DETAILED DESCRIPTION OF THE PREFERRED EMBODIMENT

[0019] With reference now to the figures, FIG. 1 depicts a pictorial representation of a network of data processing systems in which the present invention may be implemented. Network data processing system 100 is a network of computers in which the present invention may be implemented. Network data processing system 100 contains a network 102, which is the medium used to provide communications links between various devices and computers connected together within network data processing system 100. Network 102 may include connections, such as wire, wireless communication links, or fiber optic cables.

[0020] In the depicted example, server 104 is connected to network 102 along with storage unit 106. In addition, clients 108, 110, and 112 are connected to network 102. These clients 108, 110, and 112 may be, for example, personal computers or network computers. In the depicted example, server 104 provides data, such as boot files, operating system images, and applications to clients 108-112. Clients 108, 110, and 112 are clients to server 104. Network data processing system 100 may include additional servers, clients, and other devices not shown. In the depicted example, network data processing system 100 is the Internet with network 102 representing a worldwide collection of networks and gateways that use the TCP/IP suite of protocols to communicate with one another. At the heart of the Internet is a backbone of high-speed data communication lines between major nodes or host computers, consisting of thousands of commercial, government, educational and other computer systems that route data and messages. Of course, network data processing system 100 also may be implemented as a number of different types of networks, such as for example, an intranet, a local area network (LAN), or a wide area network (WAN). FIG. 1 is intended as an example, and not as an architectural limitation for the present invention.

[0021] Referring to FIG. 2, a block diagram of a data processing system that may be implemented as a server, such as server 104 in FIG. 1, is depicted in accordance with a preferred embodiment of the present invention. Data processing system 200 may be a symmetric multiprocessor (SMP) system including a plurality of processors 202 and 204 connected to system bus 206. Alternatively, a single processor system may be employed. Also connected to system bus 206 is memory controller/cache 208, which provides an interface to local memory 209. I/O bus bridge 210 is connected to system bus 206 and provides an interface to I/O bus 212. Memory controller/cache 208 and I/O bus bridge 210 may be integrated as depicted.

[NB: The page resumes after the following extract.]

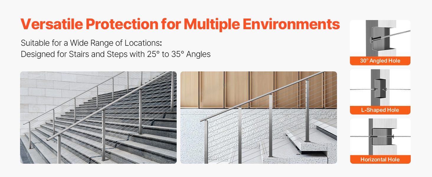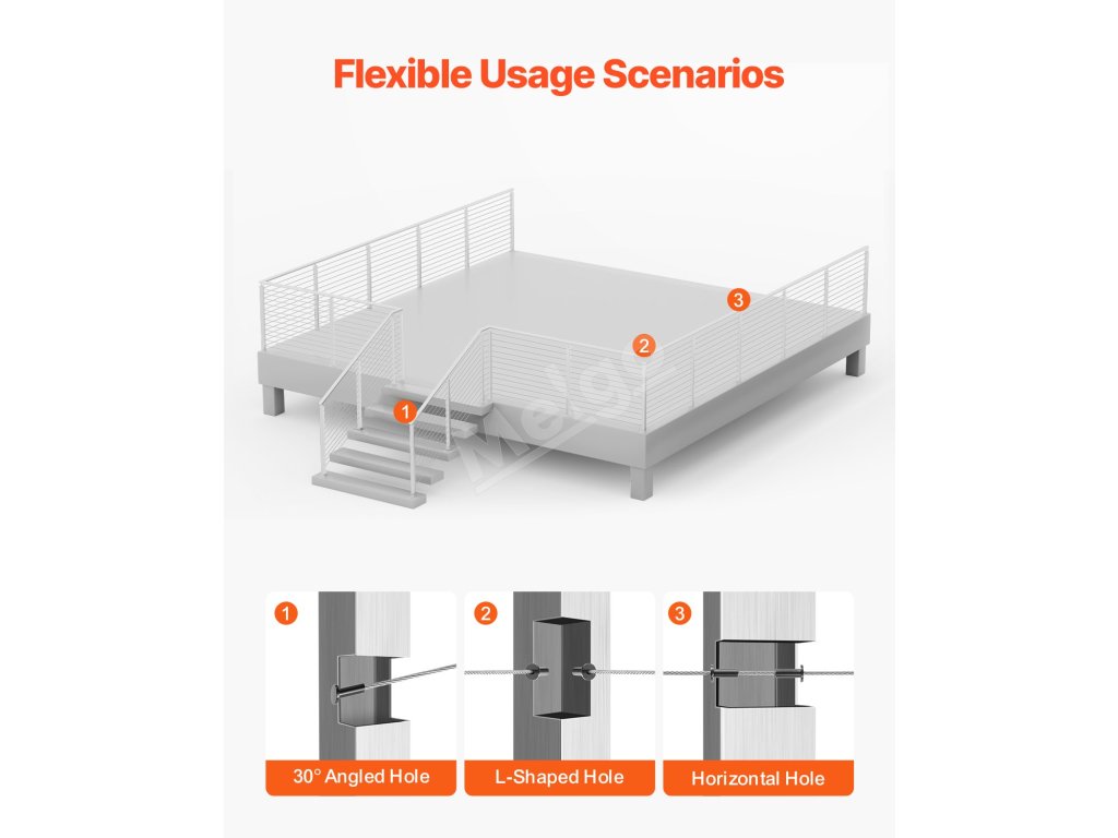 Naša súprava káblového zábradlia obsahuje vodorovné a zakrivené podpery, ktoré sú kompatibilné so zábradlím zo štvorcových a okrúhlych rúrok. Umožňuje vytvoriť si uhly zábradlia na mieru podľa vlastného uváženia.
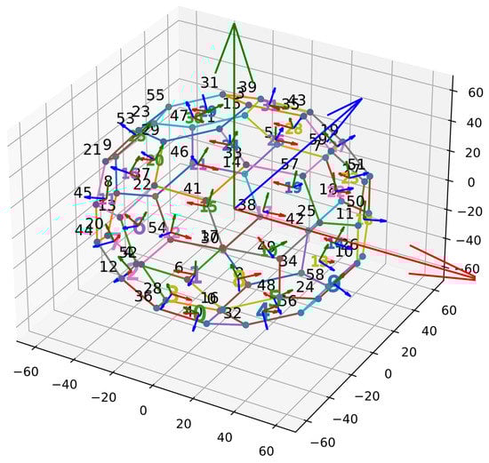 The Truncated IcosaHedron (Wikipedia contributors, “Truncated icosahedron”, Wikipedia, The Free Encyclopedia, https://en.wikipedia.org/w/index.php?title=Truncated_icosahedron&oldid=1017030761 (accessed on 4 May 2021)) geometry is constructed from Icosahedron (Wikipedia contributors, “Icosahedron”, Wikipedia, The Free Encyclopedia, https://en.wikipedia.org/w/index.php?title=Icosahedron&oldid=1021031901 (accessed on 4 May 2021)) with the 12 vertices truncated such that one-third of each edge is trimmed at each of both ends. It generates a polyhedron consisting of 32 surfaces (12 pentagonal and 20 hexagonal faces), 60 vertices, and 90 edges. The coordinate of the truncated icosahedron is defined at the center and vertices are a combination of 3D points belonging to the orthogonal rectangles , , and the orthogonal cuboids , , along with the orthogonal cuboids , , , where is the golden mean. Using one verifies that all vertices are on a sphere, centered at the origin, with the radius squared equal to . The edges have a length of 2 mm. We scale edge length into 25 mm for the proposed truncated Icosapen design as shown in Figure 2.

[0022] Peripheral component interconnect (PCI) bus bridge 214 connected to I/O bus 212 provides an interface to PCI local bus 216. A number of modems may be connected to PCI local bus 216. Typical PCI bus implementations will support four PCI expansion slots or add-in connectors. Communications links to clients 108-112 in FIG. 1 may be provided through modem 218 and network adapter 220 connected to PCI local bus 216 through add-in boards.

[0023] Additional PCI bus bridges 222 and 224 provide interfaces for additional PCI local buses 226 and 228, from which additional modems or network adapters may be supported. In this manner, data processing system 200 allows connections to multiple network computers. A memory-mapped graphics adapter 230 and hard disk 232 may also be connected to I/O bus 212 as depicted, either directly or indirectly.

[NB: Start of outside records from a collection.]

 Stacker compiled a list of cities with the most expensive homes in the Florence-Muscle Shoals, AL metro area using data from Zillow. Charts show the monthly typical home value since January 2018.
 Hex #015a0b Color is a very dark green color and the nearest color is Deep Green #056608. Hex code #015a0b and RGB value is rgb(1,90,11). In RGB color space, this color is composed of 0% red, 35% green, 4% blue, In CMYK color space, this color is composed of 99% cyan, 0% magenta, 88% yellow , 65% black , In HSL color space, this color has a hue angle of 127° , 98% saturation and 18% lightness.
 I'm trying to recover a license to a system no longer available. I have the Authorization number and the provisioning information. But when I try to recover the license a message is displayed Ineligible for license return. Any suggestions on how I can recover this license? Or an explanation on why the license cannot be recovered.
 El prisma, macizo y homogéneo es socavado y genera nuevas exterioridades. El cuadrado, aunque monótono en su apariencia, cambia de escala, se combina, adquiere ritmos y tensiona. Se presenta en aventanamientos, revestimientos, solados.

[0024] Those of ordinary skill in the art will appreciate that the hardware depicted in FIG. 2 may vary. For example, other peripheral devices, such as optical disk drives and the like, also may be used in addition to or in place of the hardware depicted. The depicted example is not meant to imply architectural limitations with respect to the present invention.

[0025] The data processing system depicted in FIG. 2 may be, for example, an IBM e-Server pSeries system, a product of International Business Machines Corporation in Armonk, N.Y., running the Advanced Interactive Executive (AIX) operating system or LINUX operating system.

[0026] With reference now to FIG. 3, a block diagram illustrating a data processing system is depicted in which the present invention may be implemented. Data processing system 300 is an example of a client computer. Data processing system 300 employs a peripheral component interconnect (PCI) local bus architecture. Although the depicted example employs a PCI bus, other bus architectures such as Accelerated Graphics Port (AGP) and Industry Standard Architecture (ISA) may be used. Processor 302 and main memory 304 are connected to PCI local bus 306 through PCI bridge 308. PCI bridge 308 also may include an integrated memory controller and cache memory for processor 302. Additional connections to PCI local bus 306 may be made through direct component interconnection or through add-in boards. In the depicted example, local area network (LAN) adapter 310, SCSI host bus adapter 312, and expansion bus interface 314 are connected to PCI local bus 306 by direct component connection. In contrast, audio adapter 316, graphics adapter 318, and audio/video adapter 319 are connected to PCI local bus 306 by add-in boards inserted into expansion slots. Expansion bus interface 314 provides a connection for a keyboard and mouse adapter 320, modem 322, and additional memory 324. Small computer system interface (SCSI) host bus adapter 312 provides a connection for hard disk drive 326, tape drive 328, and CD-ROM drive 330. Typical PCI local bus implementations will support three or four PCI expansion slots or add-in connectors.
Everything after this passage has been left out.